Non ho molti consigli speciali da darti, nessuna ricetta preconfezionata. È una cosa a cui non c’è rimedio, guarigione. Vorrei però farti sapere una cosa: io sto meglio. Il passato non scompare, ma è possibile che almeno si scolorisca e poi rimpicciolisca. Pian piano sto assaporando ciò che ho sempre desiderato, un futuro con la persona che amo, ora viviamo insieme e tra poco ci sposeremo. Lo ammetto, è stato difficile, molto difficile, non vedere in lui una parte dell'assassino di mia madre, ma ci sono riuscita. Come? In parte con l'aiuto psicologico, poi il resto l'ho fatto tutto da me, con il tempo ho imparato a conoscerlo, ho provato a farlo arrabbiare per vedere come reagisse, come gestisse i conflitti e poi ho iniziato a fidarmi: con paura, ma l'ho fatto.

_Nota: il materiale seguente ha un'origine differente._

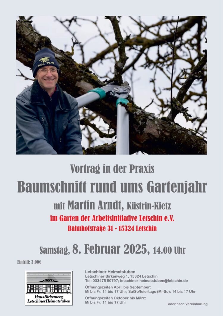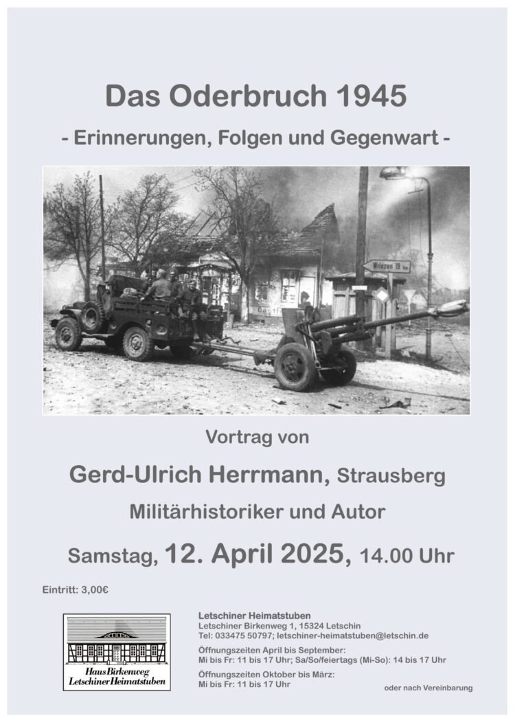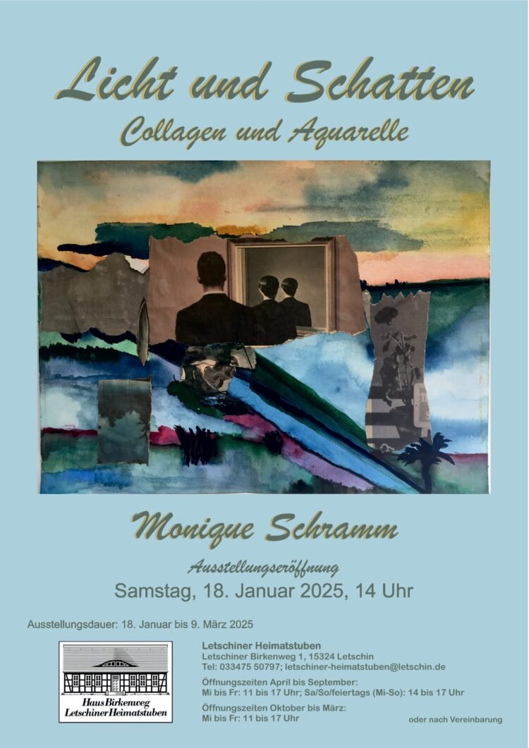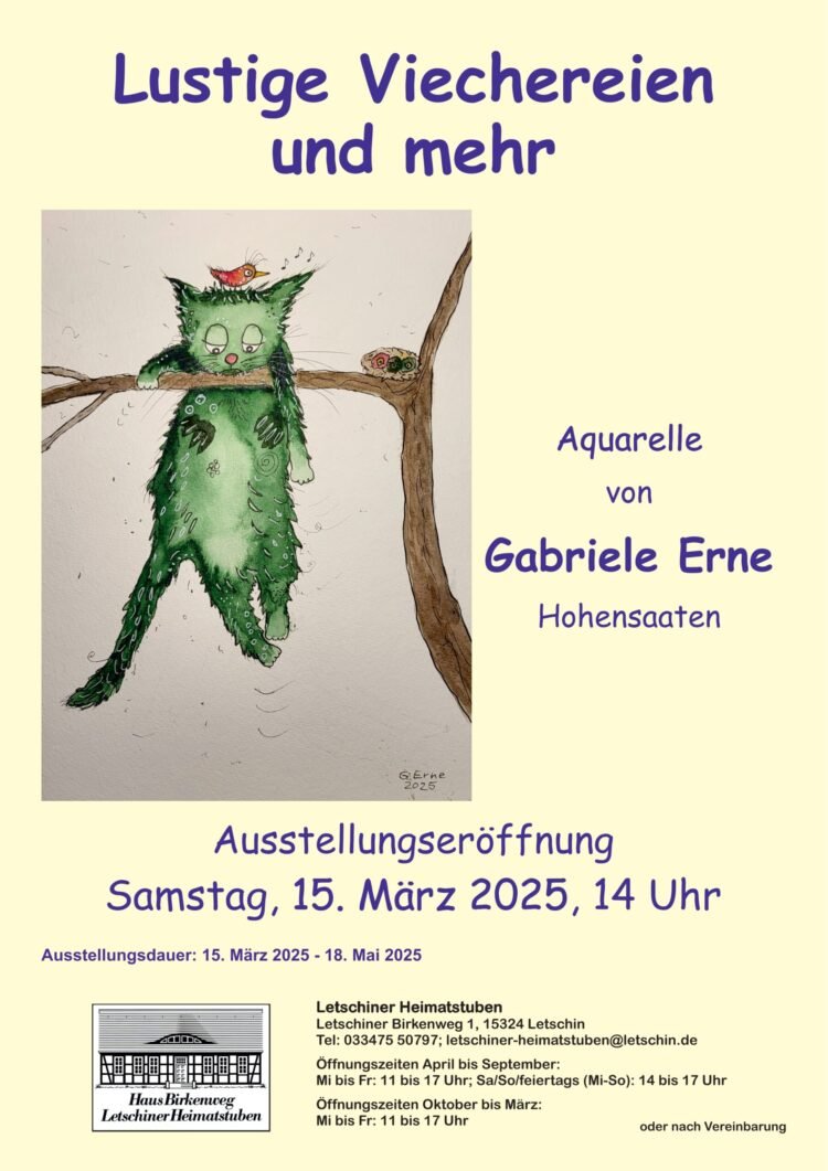 Am 24. Mai ist Ausstellungseröffnung mit dem Thema „Querbeet – Malerei“ in den Letschiner Heimatstuben. Es werden Aquarelle von Sigrid Gutt aus Strausberg vorgestellt. Die Ausstellung ist bis zum 13. Juli 2025 zu besichtigen. Weiterlesen: Plakat – Ausstellungseröffnung „Querbeet – Malerei“ Weiterlesen: Jahresprogramm 2025 der Letschiner Heimatstuben

Lo Stato, le istituzioni, hanno abbandonato la mamma quando lei aveva denunciato. Non sono riusciti a salvarla. Hanno abbandonato anche me e i miei fratelli, che siamo sopravvissuti, lasciando che ci portassimo addosso questo dolore e tutte le conseguenze della sua mancanza. Ma noi orfani abbiamo ancora una vita da vivere. Quando starai meglio ti servirà una spalla su cui appoggiarti. Io ti aiuterò, per qualunque cosa di cui tu avrai bisogno! Io che non sono stata aiutata da nessuno vorrei aiutare gli altri, perché so quanto è terribile quella solitudine che ti fa accartocciare nel letto e ti morde il petto».

Quella di Maddalena è una delle storie che abbiamo raccontato nell’instant book “A Braccia Aperte, Un faro acceso sui figli delle vittime di femminicidio”. Un progetto di Vita in collaborazione con l’impresa sociale Con i Bambini. (Si scarica gratuitamente da qui)

Nota: il vero nome di Maddalena è un altro. Ma abbiamo scelto di continuare ad usarne uno di fantasia per proteggerla.